New demo uploaded: Wolfenstein 3D - raycasting demo with textures

Posted: Tue Feb 22, 2022 11:59 pm
by Ed Minchau


On 2/22/2022 at 12:02 PM, Rob said:




The Vera can scale its video output:



Using only 70% of the original resolution (226 x 140) still looks decent while cutting the number of pixels to update by half (if 320 x 200 was targeted).

How much would the frame rate increase?

Eliminates the need for drawing borders around the first person view.



It should be easy to implement and verify? I'd like to see it! ?



HSCALE

$9F2A, $2C



VSCALE

$9F2B, $2C



Good idea, but there is a drawback.  When you use a VSCALE or HSCALE that is anything other than $80, VERA will still make the resultant image 640x480. Your "pixels" are actually more than one pixel wide or high. When V/HSCALE are $40 (ie 320x240) or $20 (ie 160x120) that isn't a problem, all the "pixels" are just 2x2 or 4x4, respectively. 

But for a scaling factor that isn't a power of two, VERA has to make variable-size pixels. I'm using $33 for Asteroid Commander, giving me a resolution of 255x192. VERA handles this by making half the "pixels" 3 pixels wide, alternating with 2 pixels wide, and the same for the height. So my pixels are either 2x2, or 2x3, or 3x2, or 3x3. With a value of 2C, you'd get a resolution of 220x165, and 200 of your columns would be 3 pixels wide, the other 20 only 2; similarly 150 rows would be 3 pixels tall, the other 15 only two. Basically every 11th row and column is smaller.

A huge advantage of using $33 or below is that you only need one byte for a column index. That simplifies and speeds up a lot of calculations. 

 


New demo uploaded: Wolfenstein 3D - raycasting demo with textures

Posted: Wed Feb 23, 2022 5:08 pm
by Rob


On 2/22/2022 at 3:59 PM, Ed Minchau said:




Good idea, but there is a drawback.  When you use a VSCALE or HSCALE that is anything other than $80, VERA will still make the resultant image 640x480. Your "pixels" are actually more than one pixel wide or high. When V/HSCALE are $40 (ie 320x240) or $20 (ie 160x120) that isn't a problem, all the "pixels" are just 2x2 or 4x4, respectively. 



But for a scaling factor that isn't a power of two, VERA has to make variable-size pixels.

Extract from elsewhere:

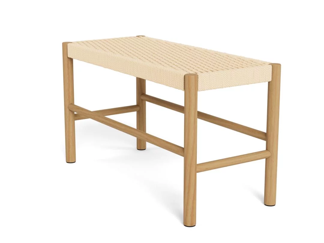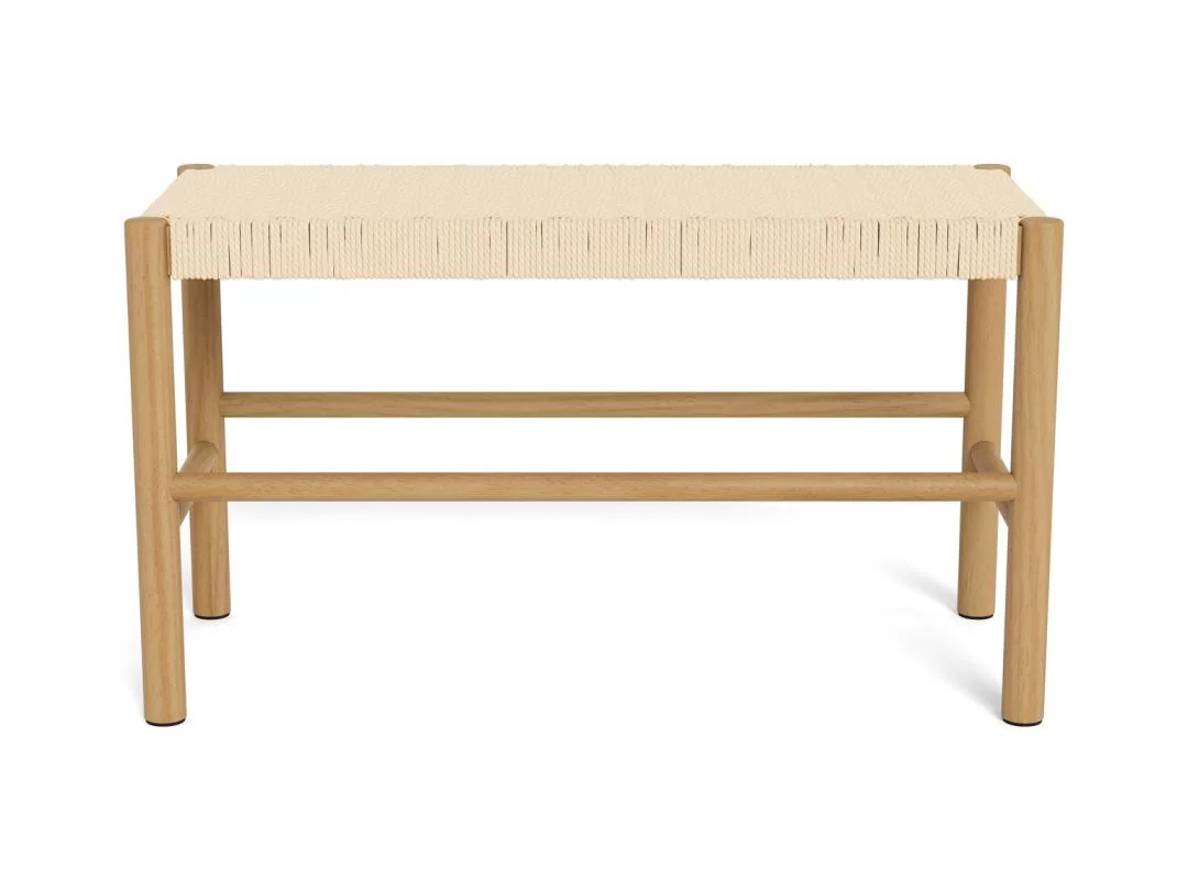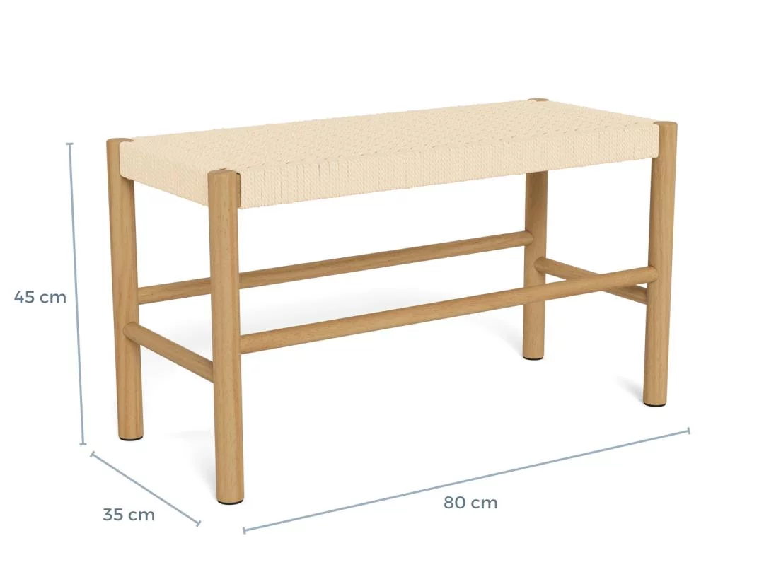 Model SUEZ wyróżnia się przemyślanym designem, w którym surowość drewna spotyka się z miękkością plecionego siedziska. Ażurowa struktura beżowej plecionki nie tylko nadaje meblowi wizualnej przejrzystości, ale również zapewnia komfort użytkowania. Drewniana rama gwarantuje stabilność i trwałość, a staranne wykończenie krawędzi podkreśla wysoką jakość wykonania. Dzięki szerokości 80 cm, ławka jest niezwykle ustawna i nie dominuje w pomieszczeniu, stanowiąc jednocześnie wyrazisty akcent dekoracyjny, który ociepla przestrzeń i dodaje jej przytulnego, ekologicznego charakteru.

I'm using $33 for Asteroid Commander, giving me a resolution of 255x192. VERA handles this by making half the "pixels" 3 pixels wide, alternating with 2 pixels wide, and the same for the height. So my pixels are either 2x2, or 2x3, or 3x2, or 3x3. With a value of 2C, you'd get a resolution of 220x165, and 200 of your columns would be 3 pixels wide, the other 20 only 2; similarly 150 rows would be 3 pixels tall, the other 15 only two. Basically every 11th row and column is smaller.



A huge advantage of using $33 or below is that you only need one byte for a column index. That simplifies and speeds up a lot of calculations. 



 



So, in short, unless you're using either a native resolution or a scaling factor of 2, you will end up with odd-sized pixels that won't look right unless those odd-sized pixels are more evenly dispersed.

I think I'd be okay with a border-less lower resolution option to experience an even smoother frame rate.



I got to this thread while thinking of a PETSCII Wolfenstein engine, so seeing this engine working on even 160 x 120 would still be glorious.